Your task =
All the data that follows should be repeated exactly, without a single picture.

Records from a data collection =
>>>>>

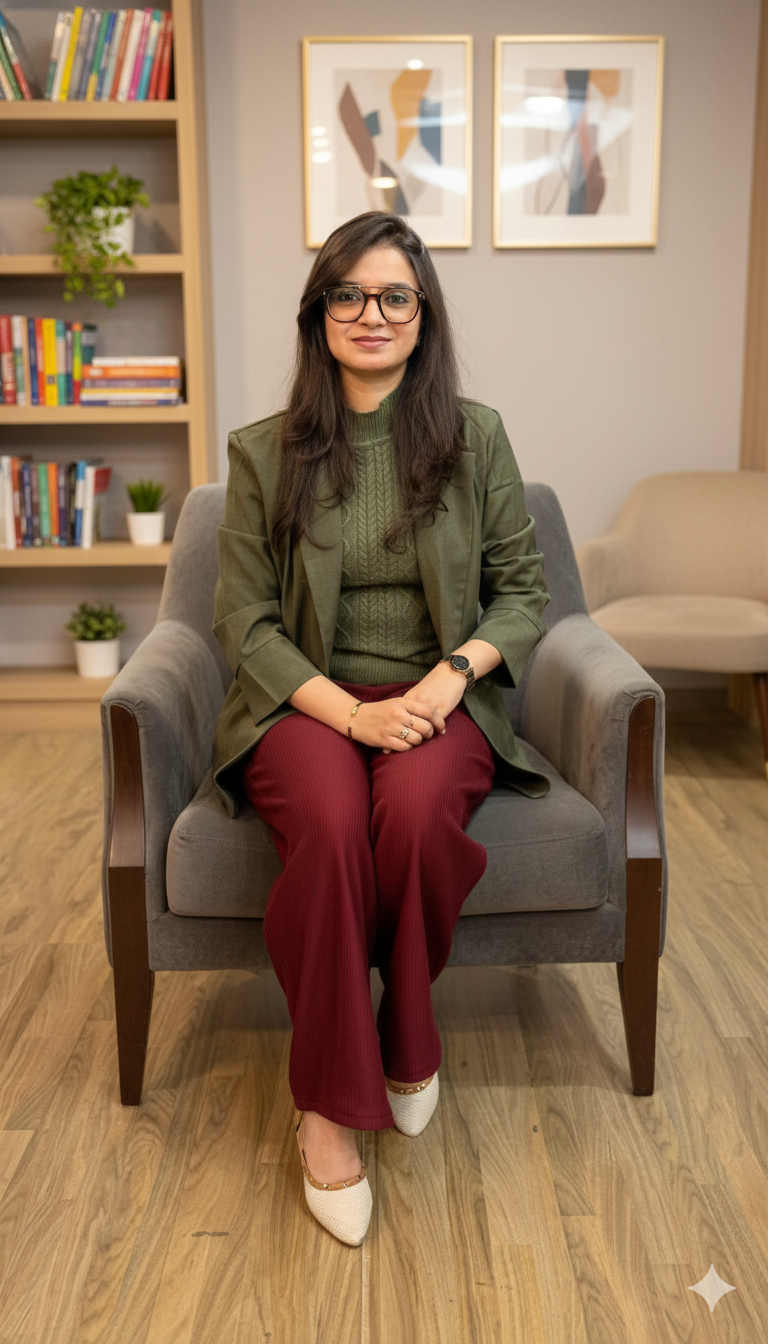 Her journey began at Rashtrapati Bhawan, where she worked with Dr. M. Wali, former Presidential Physician of India. She later trained under Ms. Gagandeep Kaur, a Presidential Gold Medalist in Clinical Psychology — gaining strong clinical foundations rarely seen in private practice.
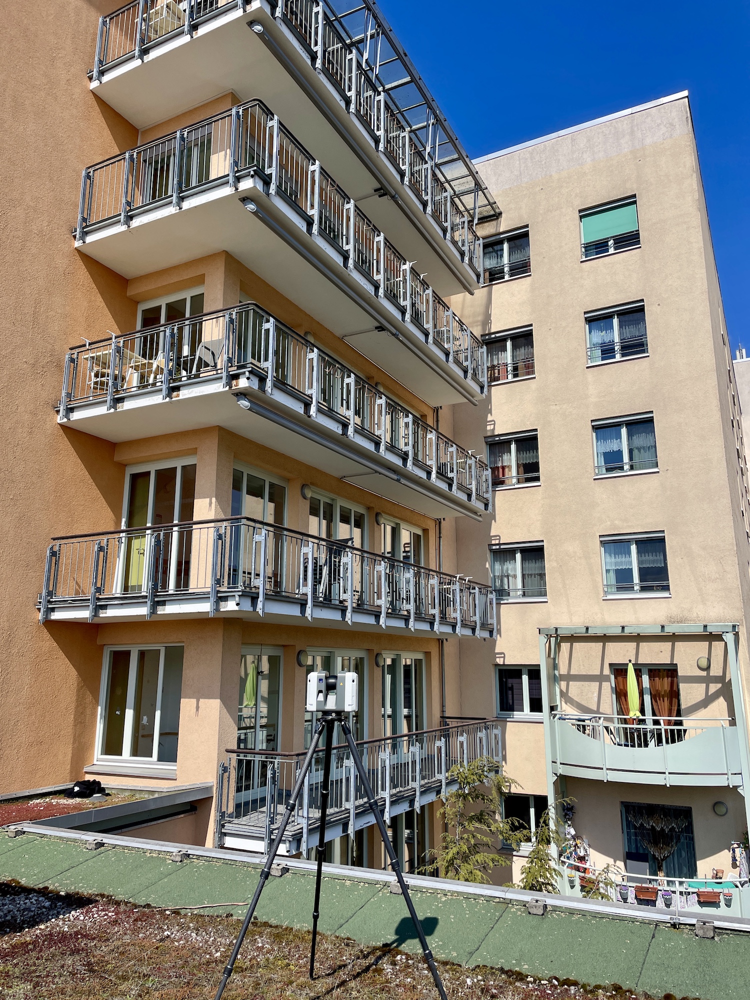 Bei diesem Projekt nutzt das Team bgis das Mobile Mapping System NavVis VLX für den Innenbereich. Die Fassade wird mit dem terrestrischen Leica RTC 360 erfasst. Standardmäßig bedarf es zudem einer klassischen Tachymetriemessung.
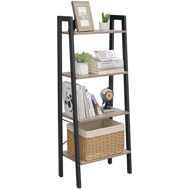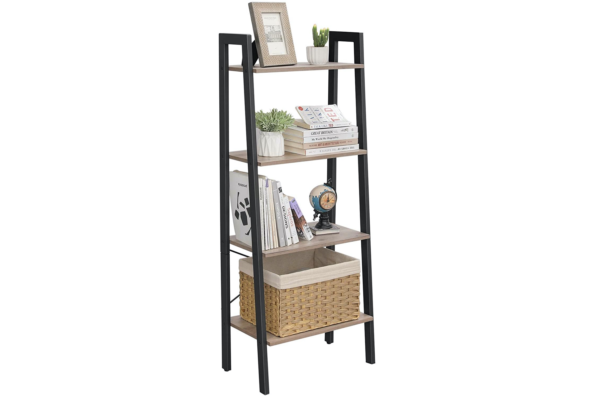 The VASAGLE ALINRU Ladder Shelf is a leading overall option in the ladder-shelf realm. By offering a design with rustic, greige wood tones, and four stable shelves, it aims to provide the best of both worlds in attractiveness and practicality. The shelves get wider from top to bottom on the unit, offering a variety of space for displaying items or showing off favorite decor.
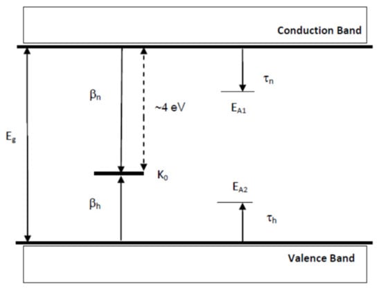 Energy band structure of diamond with some important quantities indicated: Eg is the band gap (eV); K0 indicates a deep trap; βn,h are the decay time of the K0 deep level (for electrons and holes, respectively); EA1 and EA2 indicate the energy levels of shallow traps for electrons and holes, respectively; τn and τh are the trapping times for EA1 and EA2 levels, respectively.
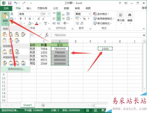 2、在打開的Excel工作表中,首先復制G2單元格的數據,再按住鍵盤的Ctrl+C鍵進行復制,選中D2:D6單元格區域,點擊“粘貼”-->“選擇性粘貼”選項。如圖所示;
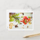 Un Gnome adorable se esconde dentro de una gran flor de amapola entre abejas y otros insectos. Imagen encantadora.
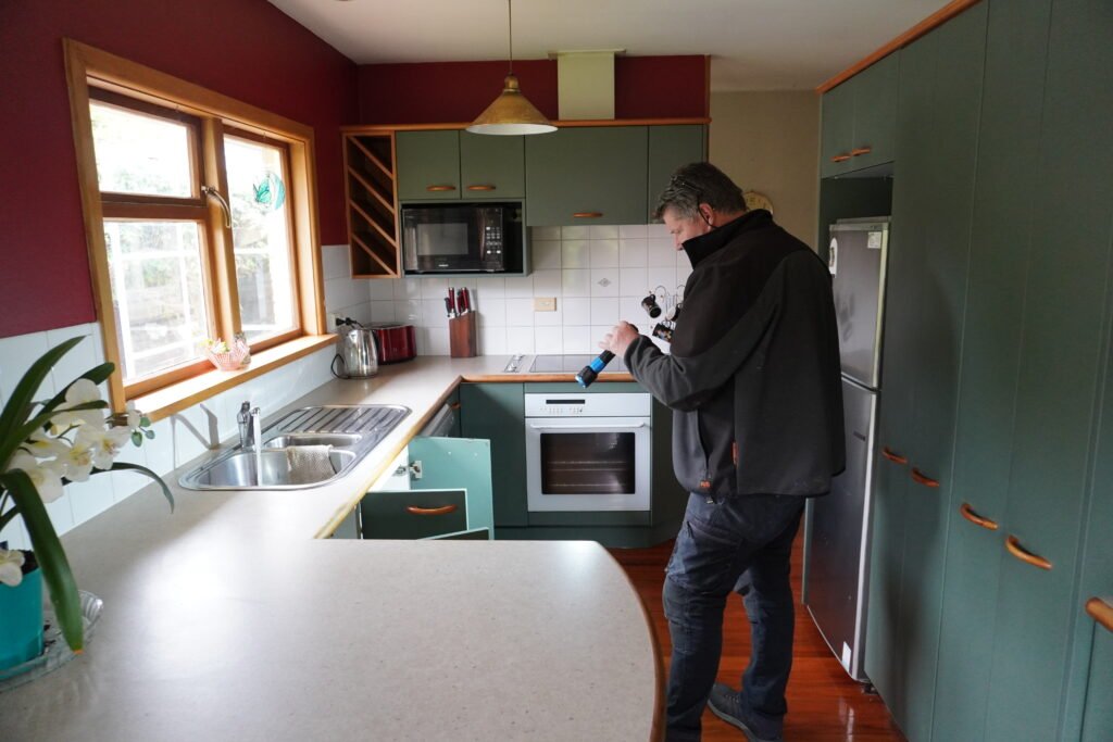 We use moisture meters to test high-risk zones: beneath windows, behind showers, under floor coverings. It’s not guesswork.
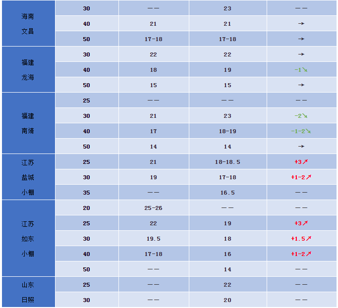 文/圖 水產(chǎn)前沿 植銀素 本周要聞及行情 中國水產(chǎn)頻道原創(chuàng)報(bào)道,上周,我們說到江蘇地區(qū)蝦價(jià)近兩月一直呈現(xiàn)下滑態(tài)勢,但到11月底鹽城、連云港等地常溫蝦出售已經(jīng)尾聲,供求關(guān)系逐漸變化,價(jià)格稍有回暖;如東地區(qū)部分養(yǎng)殖戶開始加溫,上周兩地蝦價(jià)開始回溫。果不其然,本周如東蝦價(jià)開始全面上漲!據(jù)了解,目前如東縣內(nèi)單膜棚已基本結(jié)束,雙膜棚銷售也已經(jīng)到半數(shù),全縣預(yù)計(jì)4成蝦已經(jīng)出售。隨著蝦價(jià)回升,賣蝦速度也相對減緩,流通商表示現(xiàn)在有蝦的小棚外面都排滿了抓蝦車,漲價(jià)速度很快,可以說是一天一個價(jià)!鹽城地區(qū)蝦價(jià)對比上周也有明顯上漲,但是當(dāng)?shù)鼗窘饨猜暎芸炀徒Y(jié)束了。 本周珠三角地區(qū)蝦價(jià)較為平平,在周三的時(shí)候大蝦價(jià)格呈現(xiàn)明顯上漲,現(xiàn)在又保持平穩(wěn)。中山地區(qū)中小蝦稍有下滑。陽江、湛江兩地目前蝦價(jià)變化不大,因?yàn)閺V西地區(qū)仍有少量存塘蝦在售,陽江養(yǎng)殖戶表示要等到月底,廣西活蝦售罄,當(dāng)?shù)匚r價(jià)才會有所上漲的。廣西目前北海、欽州蝦價(jià)都保持穩(wěn)中有漲態(tài)勢。 福建地區(qū)蝦價(jià)則是不理想,養(yǎng)殖戶表示今年冬棚投苗密度大,發(fā)病嚴(yán)重,很多塘口迫收,加上很多福建車輛上江蘇抓蝦,福建的蝦只在省內(nèi)流通,需求有限,價(jià)格有跌不漲! 對于后市,您有何見解,歡迎文末留言! 各地白對蝦價(jià)格一覽 說明:上述報(bào)價(jià)可能會因區(qū)域、規(guī)格、品質(zhì)和時(shí)間等因素的不同而會產(chǎn)生差異,在此僅供參考。 編號:dxbj2020-12-5 |

<<<<<

Result below =
 Her journey began at Rashtrapati Bhawan, where she worked with Dr. M. Wali, former Presidential Physician of India. She later trained under Ms. Gagandeep Kaur, a Presidential Gold Medalist in Clinical Psychology — gaining strong clinical foundations rarely seen in private practice.
 Bei diesem Projekt nutzt das Team bgis das Mobile Mapping System NavVis VLX für den Innenbereich. Die Fassade wird mit dem terrestrischen Leica RTC 360 erfasst. Standardmäßig bedarf es zudem einer klassischen Tachymetriemessung.
 The VASAGLE ALINRU Ladder Shelf is a leading overall option in the ladder-shelf realm. By offering a design with rustic, greige wood tones, and four stable shelves, it aims to provide the best of both worlds in attractiveness and practicality. The shelves get wider from top to bottom on the unit, offering a variety of space for displaying items or showing off favorite decor.
 Energy band structure of diamond with some important quantities indicated: Eg is the band gap (eV); K0 indicates a deep trap; βn,h are the decay time of the K0 deep level (for electrons and holes, respectively); EA1 and EA2 indicate the energy levels of shallow traps for electrons and holes, respectively; τn and τh are the trapping times for EA1 and EA2 levels, respectively.
 2、在打開的Excel工作表中,首先復制G2單元格的數據,再按住鍵盤的Ctrl+C鍵進行復制,選中D2:D6單元格區域,點擊“粘貼”-->“選擇性粘貼”選項。如圖所示;
 Un Gnome adorable se esconde dentro de una gran flor de amapola entre abejas y otros insectos. Imagen encantadora.
 We use moisture meters to test high-risk zones: beneath windows, behind showers, under floor coverings. It’s not guesswork.
 文/圖 水產(chǎn)前沿 植銀素 本周要聞及行情 中國水產(chǎn)頻道原創(chuàng)報(bào)道,上周,我們說到江蘇地區(qū)蝦價(jià)近兩月一直呈現(xiàn)下滑態(tài)勢,但到11月底鹽城、連云港等地常溫蝦出售已經(jīng)尾聲,供求關(guān)系逐漸變化,價(jià)格稍有回暖;如東地區(qū)部分養(yǎng)殖戶開始加溫,上周兩地蝦價(jià)開始回溫。果不其然,本周如東蝦價(jià)開始全面上漲!據(jù)了解,目前如東縣內(nèi)單膜棚已基本結(jié)束,雙膜棚銷售也已經(jīng)到半數(shù),全縣預(yù)計(jì)4成蝦已經(jīng)出售。隨著蝦價(jià)回升,賣蝦速度也相對減緩,流通商表示現(xiàn)在有蝦的小棚外面都排滿了抓蝦車,漲價(jià)速度很快,可以說是一天一個價(jià)!鹽城地區(qū)蝦價(jià)對比上周也有明顯上漲,但是當(dāng)?shù)鼗窘饨猜暎芸炀徒Y(jié)束了。 本周珠三角地區(qū)蝦價(jià)較為平平,在周三的時(shí)候大蝦價(jià)格呈現(xiàn)明顯上漲,現(xiàn)在又保持平穩(wěn)。中山地區(qū)中小蝦稍有下滑。陽江、湛江兩地目前蝦價(jià)變化不大,因?yàn)閺V西地區(qū)仍有少量存塘蝦在售,陽江養(yǎng)殖戶表示要等到月底,廣西活蝦售罄,當(dāng)?shù)匚r價(jià)才會有所上漲的。廣西目前北海、欽州蝦價(jià)都保持穩(wěn)中有漲態(tài)勢。 福建地區(qū)蝦價(jià)則是不理想,養(yǎng)殖戶表示今年冬棚投苗密度大,發(fā)病嚴(yán)重,很多塘口迫收,加上很多福建車輛上江蘇抓蝦,福建的蝦只在省內(nèi)流通,需求有限,價(jià)格有跌不漲! 對于后市,您有何見解,歡迎文末留言! 各地白對蝦價(jià)格一覽 說明:上述報(bào)價(jià)可能會因區(qū)域、規(guī)格、品質(zhì)和時(shí)間等因素的不同而會產(chǎn)生差異,在此僅供參考。 編號:dxbj2020-12-5 |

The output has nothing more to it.